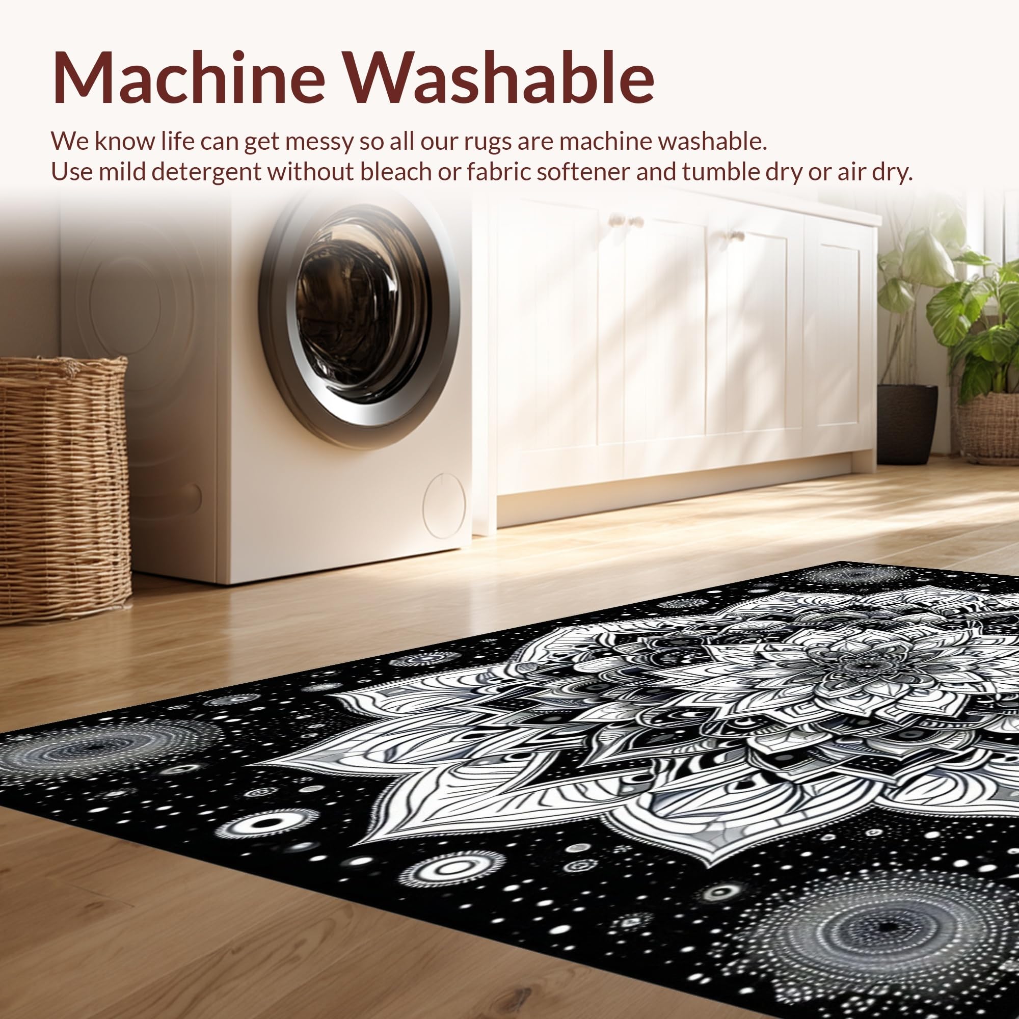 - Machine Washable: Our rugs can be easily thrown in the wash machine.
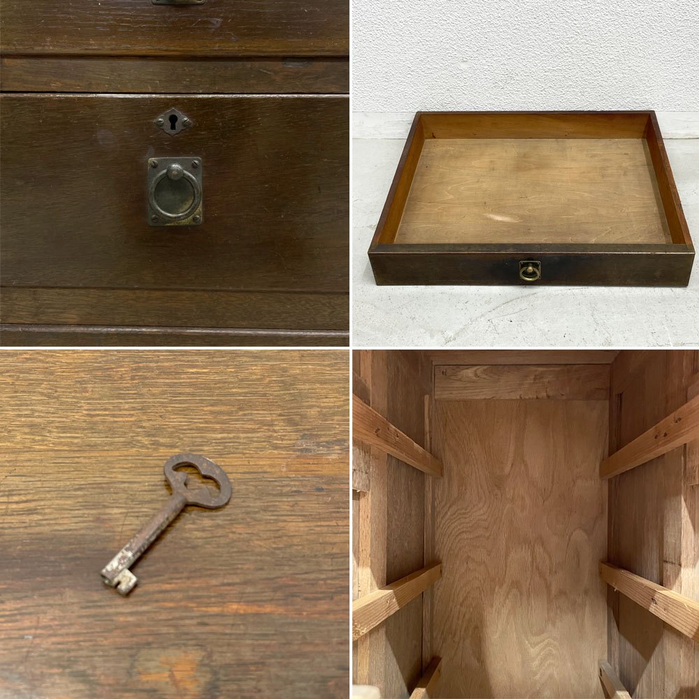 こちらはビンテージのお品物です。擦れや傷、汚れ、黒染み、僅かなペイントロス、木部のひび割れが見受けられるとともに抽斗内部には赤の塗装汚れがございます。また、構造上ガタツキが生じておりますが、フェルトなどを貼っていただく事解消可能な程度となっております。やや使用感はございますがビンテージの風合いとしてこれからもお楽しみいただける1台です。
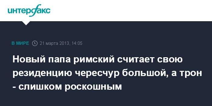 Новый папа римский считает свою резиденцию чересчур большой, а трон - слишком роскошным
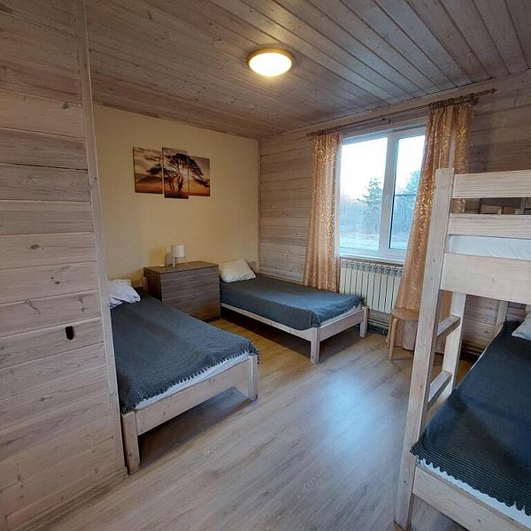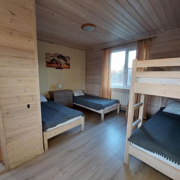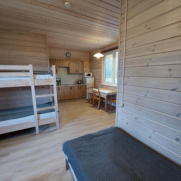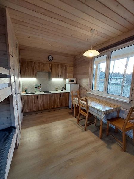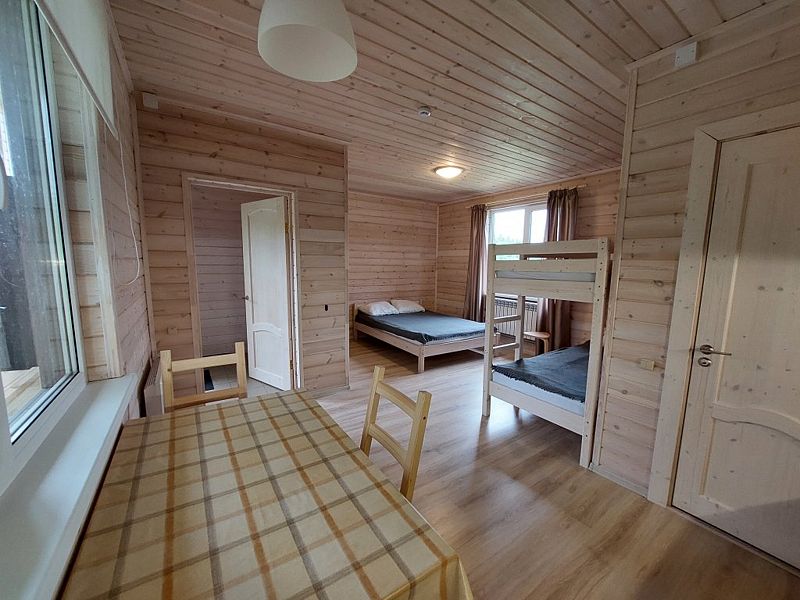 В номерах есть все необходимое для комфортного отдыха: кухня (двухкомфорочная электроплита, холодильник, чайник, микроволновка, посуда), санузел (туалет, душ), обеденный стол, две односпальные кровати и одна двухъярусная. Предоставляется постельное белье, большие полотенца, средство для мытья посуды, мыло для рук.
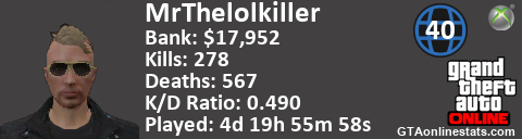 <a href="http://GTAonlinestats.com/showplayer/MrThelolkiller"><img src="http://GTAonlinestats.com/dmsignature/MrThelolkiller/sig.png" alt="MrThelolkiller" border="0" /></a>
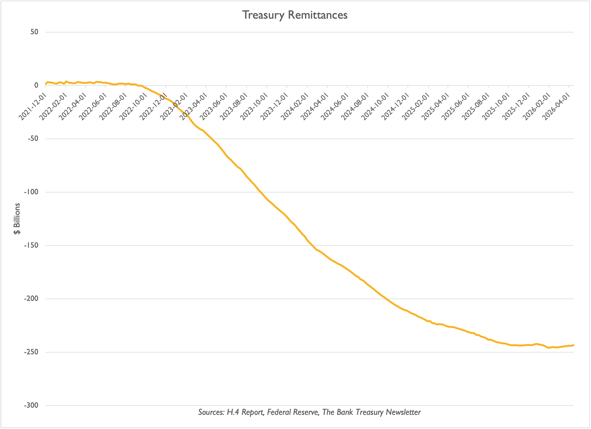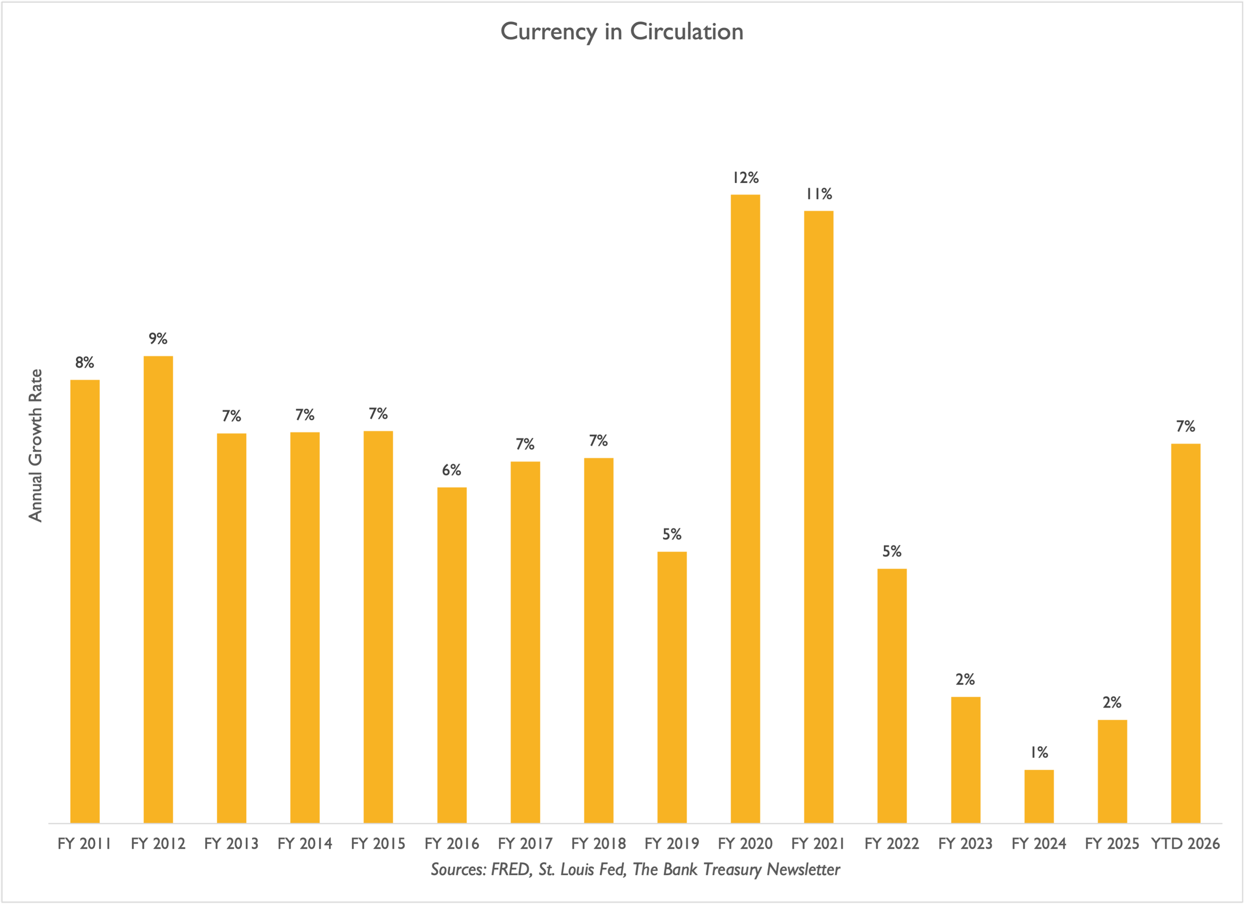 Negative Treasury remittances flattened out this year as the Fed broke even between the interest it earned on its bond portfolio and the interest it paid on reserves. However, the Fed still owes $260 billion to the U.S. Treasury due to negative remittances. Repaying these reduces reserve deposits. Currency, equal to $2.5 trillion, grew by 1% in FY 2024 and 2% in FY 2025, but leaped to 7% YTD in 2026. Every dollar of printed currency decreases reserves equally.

■ **TASK INSTRUCTIONS**
The required answer is an exact, picture-free copy of the lines from the opening of the listing above through the line with "Новый папа римский".

■ **OUTPUT FOR THIS EXERCISE**
 - Machine Washable: Our rugs can be easily thrown in the wash machine.
 こちらはビンテージのお品物です。擦れや傷、汚れ、黒染み、僅かなペイントロス、木部のひび割れが見受けられるとともに抽斗内部には赤の塗装汚れがございます。また、構造上ガタツキが生じておりますが、フェルトなどを貼っていただく事解消可能な程度となっております。やや使用感はございますがビンテージの風合いとしてこれからもお楽しみいただける1台です。
 Новый папа римский считает свою резиденцию чересчур большой, а трон - слишком роскошным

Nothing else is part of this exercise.